Dick, writing about VALIS, certainly grappled with the concept of the universe as information system. Whether he explicitly studied or tried to comprehend quantum mechanics is unknown to me. In mid-20th c. Cali he would have had access to all the writings of Planck, Heisenberg etc, who had already written books on the relationship of quantum theory to Free Will. I have to imagine that Dick was aware of the "hard problem of consciousness," the question of whether the mind is merely a construct of the electrochemical soup of neurons, synapses, or is it something above that level, more like a hologram or a fantastically complex system of interleaving fields which used the brain merely as antenna or convenient temporary dwelling.
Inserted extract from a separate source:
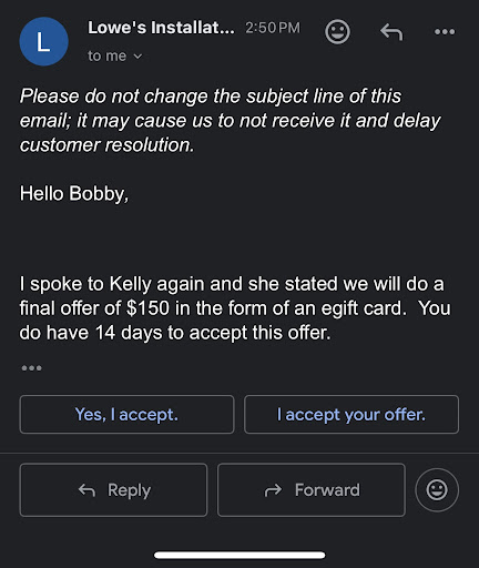 I received an email from the flooring manager offering me $100 egift card She said I would have to contact the installation dept to resolve the mater and get the gift card. I called and spoke to a different person (four different people I have spoken to). She said they were offering me the gift card only as a customer satisfaction gift. I told her itâs not the money I am after, but I do want a refund for the padding that was not used. I also asked her for an explanation why they lied in the first place and j wanted an apology. She stuck to her story and said they did not lie. I ask her should I believe them or my wife who witness them not taking up the existing padding. I then told her I had plans to take up a portion of the carpet just to prove they are lying. She said if you do that they will not be pay for it to be reinstalled. I said the court may see it differently. She said if I threatened her she could not talk to me any more. I told her this was not a threat, but a promise. Even with video proof they will not admit they are lying.

If, as currently understood, matter is non-existent, and all is composed of interactive fields of electromagnetism, gravity, and bosons, if everything is indeed information, if the background "emptiness" of the universe is actually a fantastically energetic quantum gravity vacuum (as the physicists now tell us), if the energy contained in one cubic centimeter of this "emptiness" may in fact be greater than that contained in all the stars in the universe, then where does that leave our poor benighted Conan, forever having to defend Cimmerian honor from the raids of the Scythian Horse Lords? Is it all the fault of impaired understanding of what the universe if trying to communicate? Is the urge to dominate the fault, literally, of fallen demiurges, who, having contaminated our DNA and our pre-history with falsehoods, goads the hapless manbeast into endless war and collapse?
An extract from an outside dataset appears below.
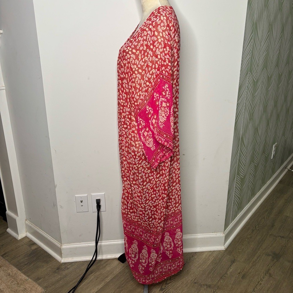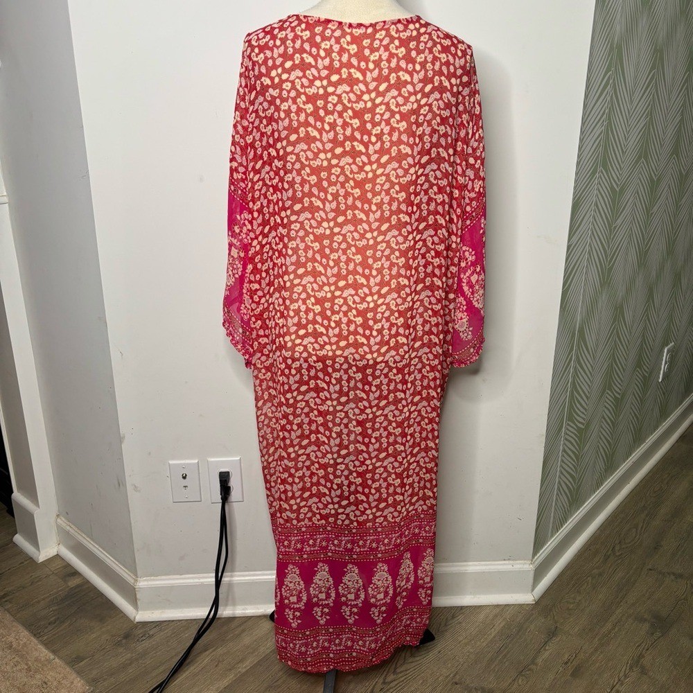 как выглядит Red Kimono Sheer Floral Robe One Size Bohemian Loungewear фото

Who can say? Is there a better accounting? Even the Durants, at their end of the pedantic lives, noted that it was "all meaningless." All those books, all that scribbling, and Attila staring into the campfire had more wisdom and left a greater legacy. Socrates showed us that the flickerings of shadows on the cave wall were not real, and the quantum physicists, like Hindu sages, have shown us that this world is illusion.
James     Aug 25, 2020

Beautiful.

Thanks.

Will post as an article.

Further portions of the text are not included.